Your essay must prove a single point. Your main idea should be clear and easily followed from beginning to end. Ask someone to read just your introduction, and then tell you what your essay is about. (Remember: this essay is about showing college admissions representatives who you are.)
2. DO back up what you say.
Develop your main idea with specific facts, events, quotations, examples and reasons.
Okay: "I like to be surrounded by people with a variety of backgrounds and interests."
Better: "In my elementary school, I worked on a book report with a student from Saudi Arabia, became best friends with a girl from Australia, and worked together in the classroom with students and teachers from dozens of nationalities."
3. DO give specifics.
Avoid cliched, generic and predictable writing by using vivid, specific details that SHOW (not tell) the reader the point you are trying to make.
Okay: "My family has supported me throughout my years in school, and I would not be the same person without them."
Better: "Whether I was competing in a math competition, preparing to graduate from high school or simply playing on one of my many sports teams, my parents were never far. They attended every match, every meet, every competition and performance, leaving work early or missing it all together if it meant supporting my goals."

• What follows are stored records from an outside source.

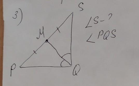 1)Угол P=углу S тк QM делет сторону поровну, значит треугольник рб следовательно угол S =45
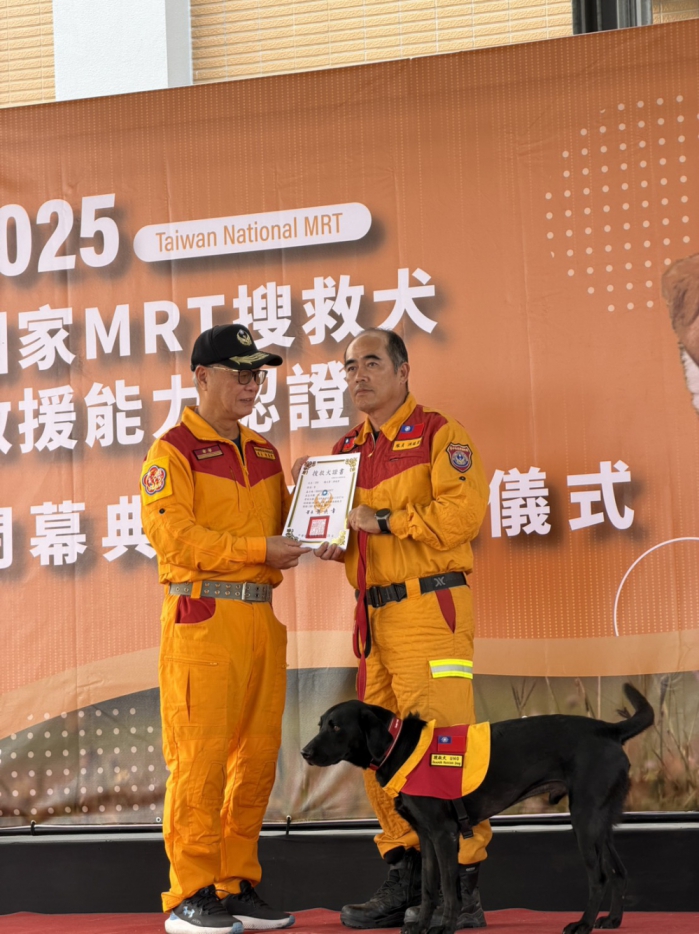 【記者林獻元台中報導】台中市政府消防局搜救犬隊再次寫下光榮紀錄!領犬員洪瑞宏與搜救犬Uno、領犬員張憲騰與搜救犬Ring兩組搭檔,在日前由內政部消防署於竹山訓練中心舉辦的「2025年國家MRT(Mission Readiness Test) 搜救犬救援能力認證活動」中,雙雙順利通過認證。這項被譽為全台最高等級、最貼近真實災害場景的搜救犬檢測,不僅驗證台中搜救犬隊的專業實力,更展現他們將是未來國際人道搜救領域中不可或缺的關鍵力量。
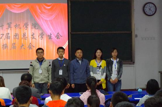 在党总支副书记卢世海、学工办主任孙一修、团总支书记胡勇和2013、2014级辅导员于倩静为2016-2017届学生会成员颁发工作证后,李沁源与何取东进行学生会年鉴交接仪式。最后,全体学生会成员在2016-2017届学生会主席何取东的带领下庄严宣誓。大会结束后,2016-2017届团总支学生会全体成员在4号楼前合影留念。
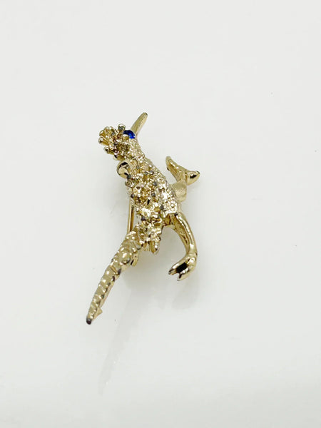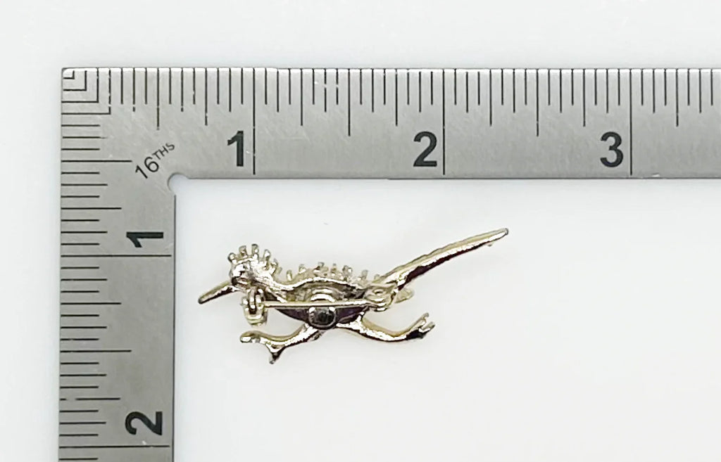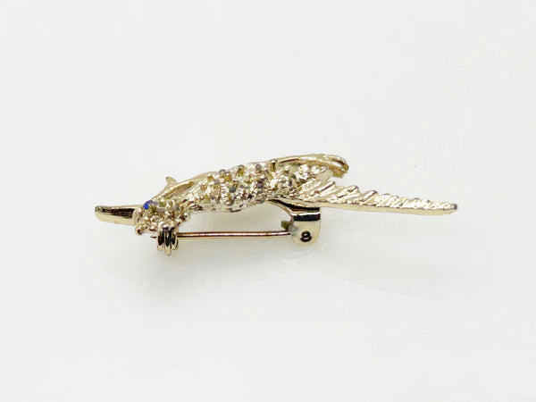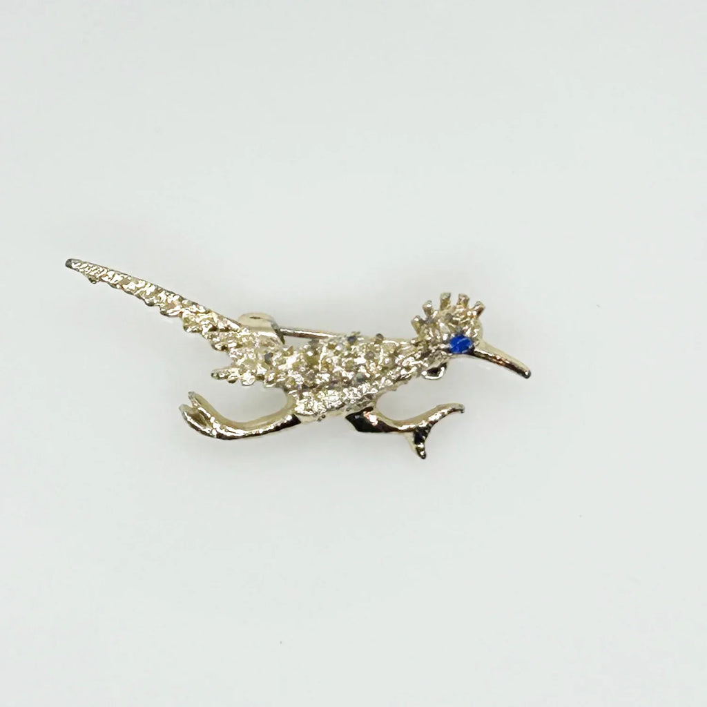 Textured Vintage Roadrunner Bird Brooch with Blue Eye

4. DON'T tell them what you think they want to hear.
Admissions officers read plenty of essays about the charms of their unversity. Remember: this essay is about YOU, not about THEM.
5. DON'T write a resume.
That's what the application is for. While it's perfectly acceptable (and encouraged) to talk about experiences or achievements that have shaped you, the college essay is not a place to share your GPA, your perfect SAT score or other information that is included elsewhere in the college application. Take the opportunity to share WHO YOU ARE, not just what you do.
6. DON'T use 50 words when five will do.
Eliminate uncessary words. Don't use language that is overly flowery, and don't feel like you have to just take up space.
Okay: "Over the years, it has been pointed out to me by my parents, teachers, and friends that I often think outside of the box and am willing to go my own way."
Better: "I am a creative thinker."
7. DON'T forget to proofread.
Typos, spelling and gramatical errors can make an otherwise flawless essay look unprofessional and messy, and can be interpreted as carelessness or simply bad writing. Don't rely on your computer's spell check, either- you, a teacher, a parent and even a friend should read your work before sending it off.